VISIT TO POINT PUER


Original Entry


Beach

This is why I was particularly keen to visit Port Arthur now. Yes, it's a tree and a beach. Well, OK not the tree.

I don't know if you happened to notice in any of the photos that showed the bay (like the first one from yesterday) there are what look like two islands out in the water? Actually, it's one island and a peninsula.

From island

The Isle of Dead, at the front, was the cemetery for the Settlement and beyond that Point Puer. Puer, of course, is French for 'boy'. (And a couple hours after the harbour cruise where the guide said that, my mother says to me "Puer isn't French for boy." No, it's Latin for 'boy'. Which goes to show you shouldn't believe everything a tour guide tells you, but also is the French meaning a coincidence or an old injoke?)

Walls

Point Puer was an experiment. Along with the men and women who were transported, there were girls as young as fourteen and boys as young as nine, but mostly in their teens. Now girls can be sent out as house servants, and possibly they were preferred (being as not set in their evil ways as older women), but you can't send a boy to do a man's work. And keeping boys in the barracks alongside hardened male criminals brings up all sorts of problems. So the powers to be decided to set up prison just for boys. The first in the British Empire.

Edge

I believe this site was chosen because it was convenient to Port Arthur. It's exposed to the elements (imagine it with no trees), there is little fresh water and the soil is very poor. Supplies and water were brought over by boat from the Settlement, but goods went the other way too. As I'm already said, the boys carved stone for the church and guard tower. They made wooden fittings for the church and furniture for other buildings. They made clothes and shoes for the residents of Port Arthur. See, they were being trained in trades needed for the colony, with the hope it might make them into productive members of society.

Wall

They constructed all the buildings for their own use too, with varying degrees of skill.

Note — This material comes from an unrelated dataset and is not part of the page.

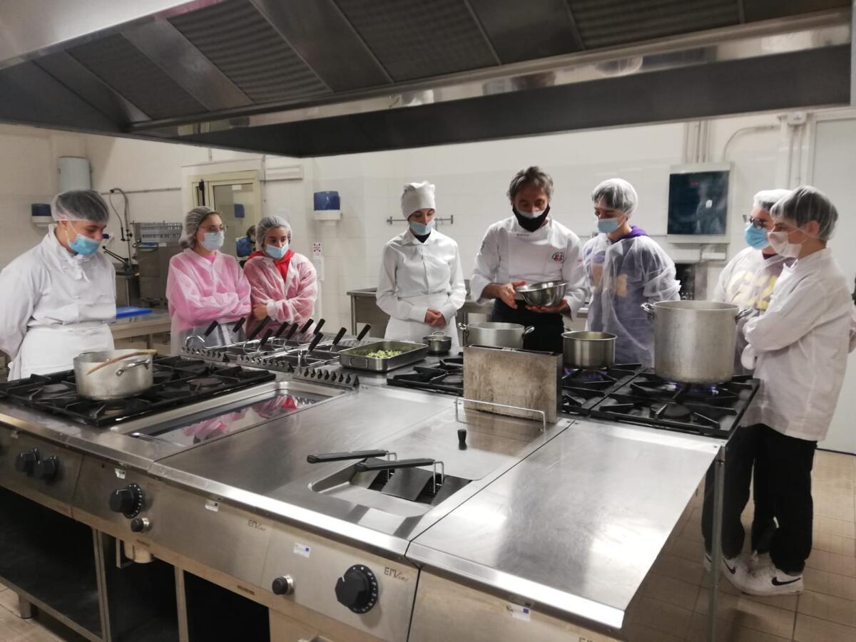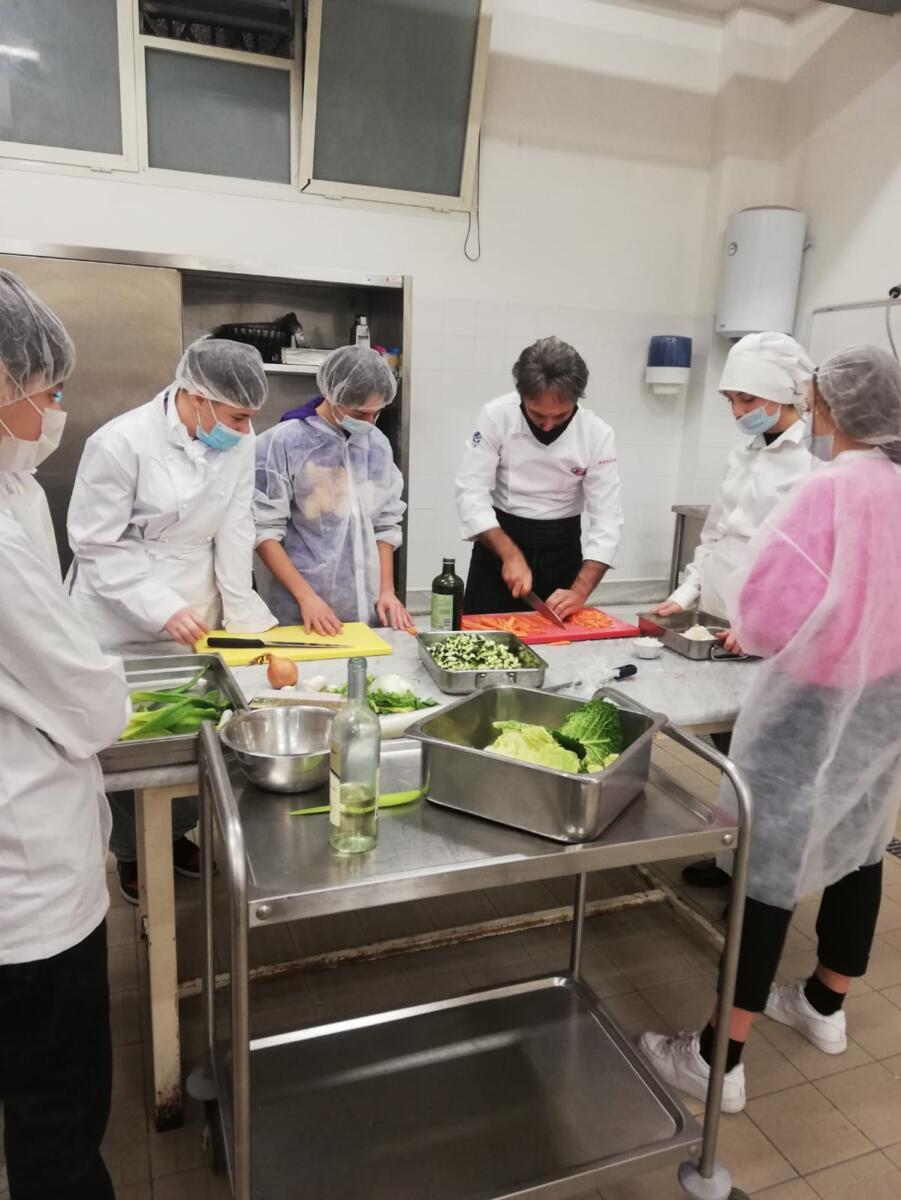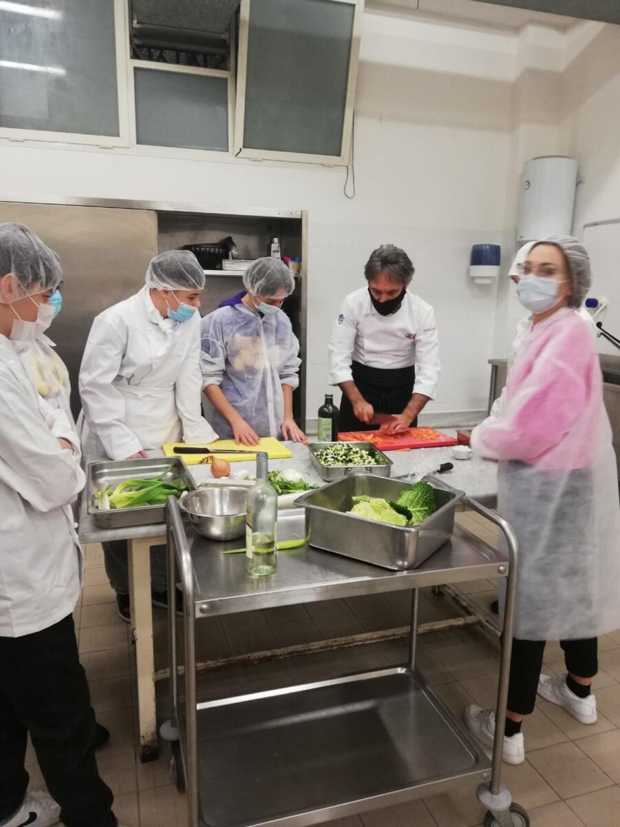 Dopo le lezioni teoriche in DAD sul taglio delle verdure, sulla brigata di cucina e sulle tecniche di mise en place, hanno potuto finalmente mettere in pratica quanto studiato e hanno preparato un Tortino di riso Carnaroli con verdure bardato con porro stufato, presentato con riduzione di balsamico e polvere di curry.

Unlike the other convict settlements, it wasn't a place a secondary punishment but an attempt to separate out and educate the youngsters free from the negative influences of older criminals. Did it work? Some of the boys went on to became respectable members of society, some of them, um, didn't. There were over 700 boys in this place as its peak though. It was never intended to cater for that many.

Oven

These are believe to be bread ovens, but on a lot of early tourist materials/photos they're said to be cells. The site was only (re)opened to tourists a few years back. It lacks the wooden walkways and other tourist "aids" of the main settlement. Access is provided as a tour, with an accompanying tour guide (not the one who mixes French & Latin, the guide who took us around here sounded like he knew what he's talking about) who tells us there is no plan to "enhance" the site with interpretive material, which sounds good.

South

Around the other side of the Point, it's not as sheltered, although not as rough as it had been the day before. We're facing south here. Next stop Antarctica :)

Harbour

To finish off, coming around Dead Island, this is the view of the Settlement from the sea. Lovely first view of your home for the next few years, I'm sure.